The field of social entrepreneurship is expanding globally and is beginning to define itself. A new study from the Naveen Jindal School of Management at UT Dallas seeks to provide a valid, reliable measure of the term.
Dr. Shawn Carraher, clinical professor of organizations, strategy and international management, was helping a student with a research project on social entrepreneurship a few years ago. In search of a measurement tool, they examined 210 of the most cited papers, journal articles and books on the topic.
Carraher could not find a standardized scale, so he created one, taking the definition of social entrepreneurship from the most cited paper on the topic, breaking it down into components, and converting it to an 11-part scale. In the new study, recently published in the European Journal of International Management, he tested the tool.
The study also finds differences between social and traditional entrepreneurship. Social entrepreneurs pursue goals and objectives that relate to solving specific problems within the social economy. They are also more concerned with satisfying those societal needs than making money.
"In traditional entrepreneurship, you're trying to do something that will help a specific group of individuals, and ideally, it should bring compensation to the entrepreneur," Carraher said. "In social entrepreneurship, you tend to look more at the general good than at the good of the entrepreneur.

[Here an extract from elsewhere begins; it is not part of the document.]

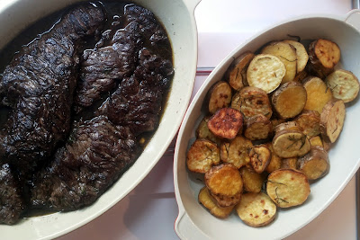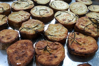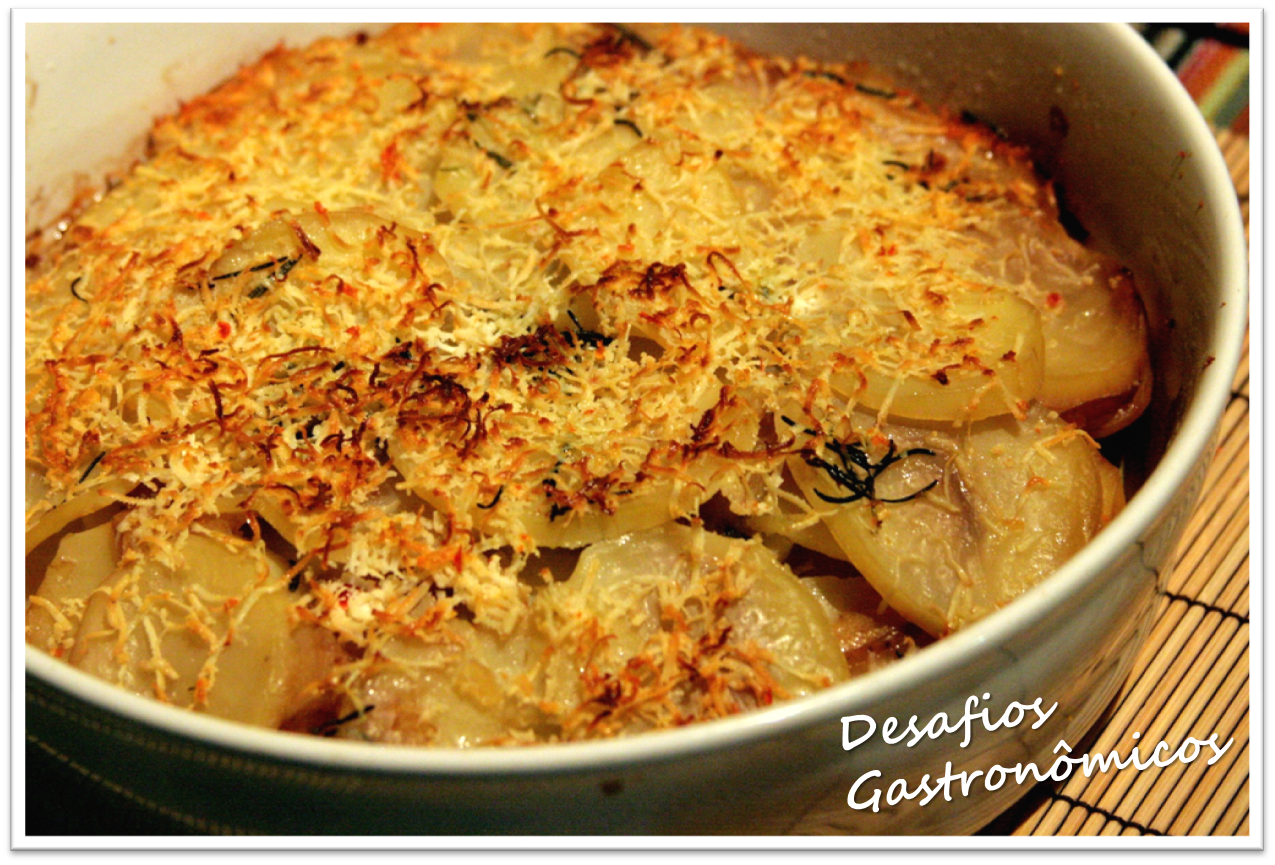 A Galette de Batatas foi refeita com algumas modificações: a versão individual, com papelotes, virou uma versão "coletiva", a maçã verde foi substituída por maçã gala e, para terminar, o queijo parmesão para gratinar teve que ser substituído (por estar fedido demais) por uma ricota defumada, que ficou crocante e perfeita depois de ir ao forno. Também o tempo de forno foi alterado para 1 hora, para garantir que as batatas estivessem bem cozidas! As receita abaixo são para quatro pessoas!

"Some people say in social entrepreneurship, you don't have to worry about profits, but actually, if you don't pay attention to profits, even a social entrepreneurship organization will go out of business. You still need to focus on that."
According to the study, social entrepreneurship examines specific societal problems and addresses them through creative, innovative and social-specified activities. Its intention is not to directly solve problems but to spur other efforts at problem-solving by increasing awareness of the issue and linking organizations. Many nonprofits and nongovernmental organizations fall into this category.
In the study, the researchers evaluated samples of social entrepreneurs working for nongovernmental organizations and traditional entrepreneurs who own their own companies in the Dallas-Fort Worth area. The authors concluded that the measurement tool is a valid instrument and reliable for future research in social entrepreneurship.
"It's one step closer to allowing a scientific study of social entrepreneurship," Carraher said. "In research of any discipline, if individuals keep using instruments that are only used in a single study, then they're not moving the scientific method forward. This is designed to move social entrepreneurship forward by providing a standardized instrument that individuals can use when seeking to measure social entrepreneurship."
Carraher said future research may involve examining personality factors or cultural differences and how they relate to an individual's propensity of becoming a social entrepreneur. He and co-author Dr. Dianne H.B. Welsh of the University of North Carolina at Greensboro are studying social entrepreneurship and its various ethical dimensions.
Andrew Svilokos of the U.S. Army also is a co-author of the recent study.
Social Entrepreneurship Scale
This is the 11-part scale created by Dr. Shawn Carraher. To be a social entrepreneur, you are:
• Adopting a mission to create social value (not just private value).
• Recognizing new opportunities to serve your mission.
• Engaging in a process of continuous adaptation related to your mission.
• Acting boldly without being limited by resources currently in hand in the fulfillment of your mission.
• Relentlessly pursuing new opportunities to serve your mission.
• Caring deeply about the outcomes created by the fulfillment of your mission.
• Seeking to be a 'world changer' through the accomplishment of your mission.
• Adopting a mission to sustain social value (not just private value).
• Engaging in a process of continuous innovation related to your mission.
• Exhibiting a heightened sense of accountability to the constituencies served by your mission.
• Engaging in a process of continuous learning related to your mission.